Die Frage­stellung hört sich zunächst etwas abstrakt an, hat jedoch ganz enorme praktische Wichtigkeit. Häufig lehnt im Falle der eingetretenen Berufs­unfähigkeit der Berufs­unfähigkeits­versicherer die Versicherungs­leistung deshalb ab, weil der Versicherte schon bei Abschluss des Berufs­unfähigkeits­vertrags über bestehende Vorerkrankungen getäuscht haben soll.

Rechtsschutzversicherung vor Berufsunfähigkeitsversicherung abschließen

Dann benötigt der Versicherte in der Regel anwaltliche Hilfe, wodurch entsprechende Kosten entstehen. Hierbei wäre es wichtig, dass eine vorhandene Rechts­schutz­versicherung auch eintritts­pflichtig ist. Das kann immer dann problematisch werden, wenn der Rechts­schutz­versicherungs­vertrag noch nicht bestanden hat, als der Berufs­unfähigkeits­vertrag möglicher­weise schon Jahre vorher abgeschlossen worden ist.

Rechtsschutzversicherer verweigert Deckungszusage wegen Vorvertraglichkeit

In der Vergangenheit haben dann regelmäßig Rechts­schutz­versicherer die Deckungs­zusage mit der Begründung abgelehnt, dass der Versicherungs­fall schon in der von dem Berufs­unfähigkeits­versicherer behaupteten Verstoß gegen die vorvertragliche Anzeige­pflicht bei Abschluss des Berufs­unfähigkeits­vertrags liege. Dieser Zeitpunkt liegt in der hier behandelten Fall­gestaltung schon vor dem Abschluss des Rechts­schutz­versicherungs­vertrags, sodass der Rechts­schutz­versicherer die Deckungs­zusage wegen Vor­vertraglichkeit verweigert.

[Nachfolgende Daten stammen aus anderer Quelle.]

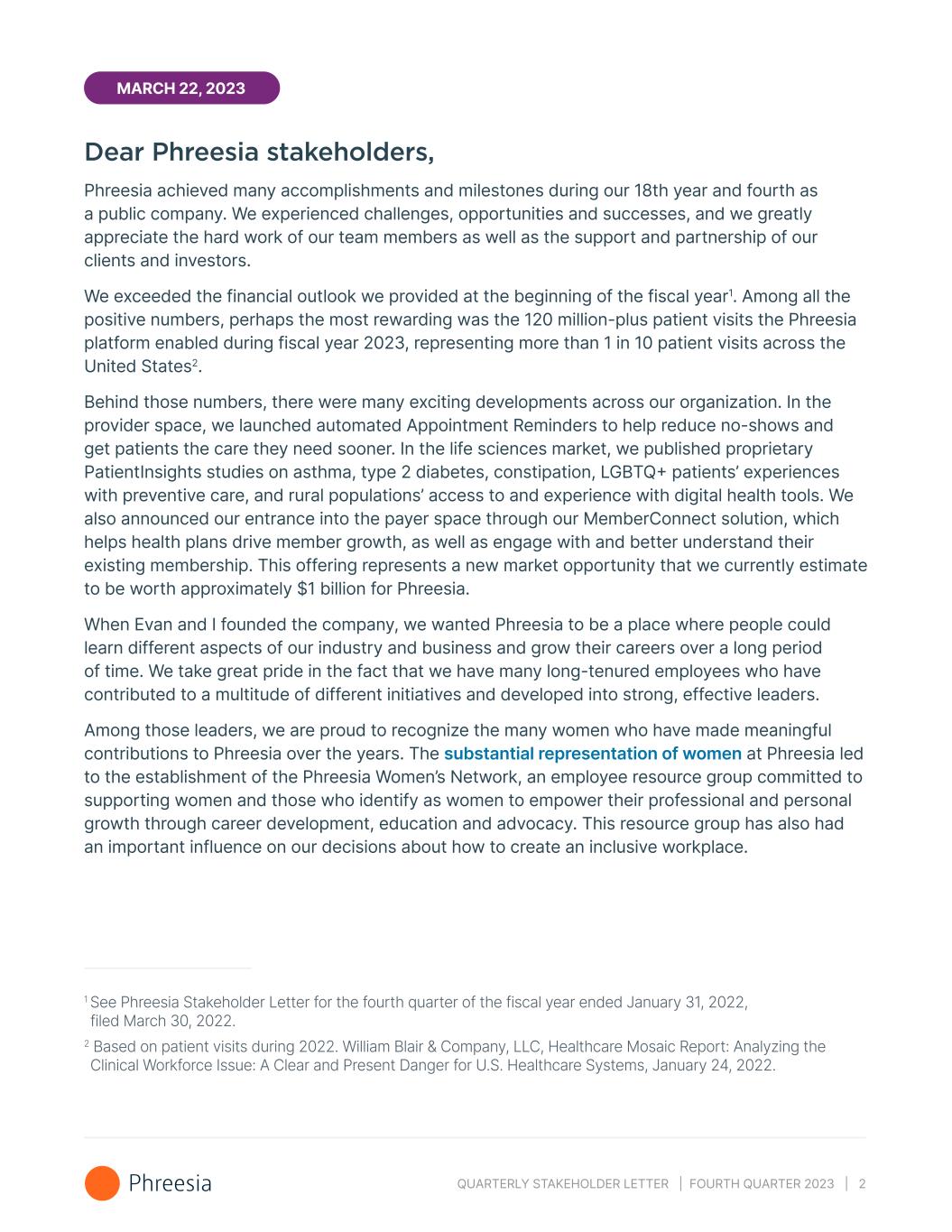 QUARTERLY STAKEHOLDER LETTER | FOURTH QUARTER 2023 | 2 Dear Phreesia stakeholders, Phreesia achieved many accomplishments and milestones during our 18th year and fourth as a public company. We experienced challenges, opportunities and successes, and we greatly appreciate the hard work of our team members as well as the support and partnership of our clients and investors. We exceeded the financial outlook we provided at the beginning of the fiscal year1. Among all the positive numbers, perhaps the most rewarding was the 120 million-plus patient visits the Phreesia platform enabled during fiscal year 2023, representing more than 1 in 10 patient visits across the United States2. Behind those numbers, there were many exciting developments across our organization. In the provider space, we launched automated Appointment Reminders to help reduce no-shows and get patients the care they need sooner. In the life sciences market, we published proprietary PatientInsights studies on asthma, type 2 diabetes, constipation, LGBTQ+ patients’ experiences with preventive care, and rural populations’ access to and experience with digital health tools. We also announced our entrance into the payer space through our MemberConnect solution, which helps health plans drive member growth, as well as engage with and better understand their existing membership. This offering represents a new market opportunity that we currently estimate to be worth approximately $1 billion for Phreesia. When Evan and I founded the company, we wanted Phreesia to be a place where people could learn different aspects of our industry and business and grow their careers over a long period of time. We take great pride in the fact that we have many long-tenured employees who have contributed to a multitude of different initiatives and developed into strong, effective leaders. Among those leaders, we are proud to recognize the many women who have made meaningful contributions to Phreesia over the years. The substantial representation of women at Phreesia led to the establishment of the Phreesia Women’s Network, an employee resource group committed to supporting women and those who identify as women to empower their professional and personal growth through career development, education and advocacy. This resource group has also had an important influence on our decisions about how to create an inclusive workplace. MARCH 22, 2023 1 See Phreesia Stakeholder Letter for the fourth quarter of the fiscal year ended January 31, 2022, filed March 30, 2022. 2 Based on patient visits during 2022. William Blair & Company, LLC, Healthcare Mosaic Report: Analyzing the Clinical Workforce Issue: A Clear and Present Danger for U.S. Healthcare Systems, January 24, 2022.

Zeitpunkt des Konflikts laut BGH-Urteil entscheidend

Dieses ist jedoch auf Grundlage der neueren Rechtsprechung des Bundes­gerichts­hofs nicht mehr möglich. Hierzu hat nämlich der Bundes­gerichts­hof im Jahr 2015 folgendes fest­gestellt: Soweit der Versicherungs­nehmer einen Anspruch gegen Dritte erhebt, ist für die Festlegung der den Versicherungs­fall maßgeblich kennzeichnen Pflicht­verletzung allein der Tatsachen­vortrag entscheidend, mit dem der Versicherungs­nehmer den Verstoß seines Anspruchs­gegners begründet. Als frühest­möglicher Zeitpunkt kommt dabei das dem Anspruchs­gegners vorgeworfene pflicht­widrige Verhalten in Betracht, aus dem der Versicherungs­nehmer seinen Anspruch herleitet.

Das bedeutet für unseren hier besprochenen Fall:

In der Rechts­schutz­versicherung ist der Versicherungs­fall bei Berufs­unfähigkeit nicht der Verstoß gegen die vorvertragliche Anzeige­pflicht, sondern frühestens die Beantragung der Berufs­unfähigkeits­zahlung aufgrund der aktuellen Berufs­unfähigkeit. Erst zu diesem Zeitpunkt muss der Rechts­schutz­versicherungs­vertrag wirksam bei uns bestanden haben.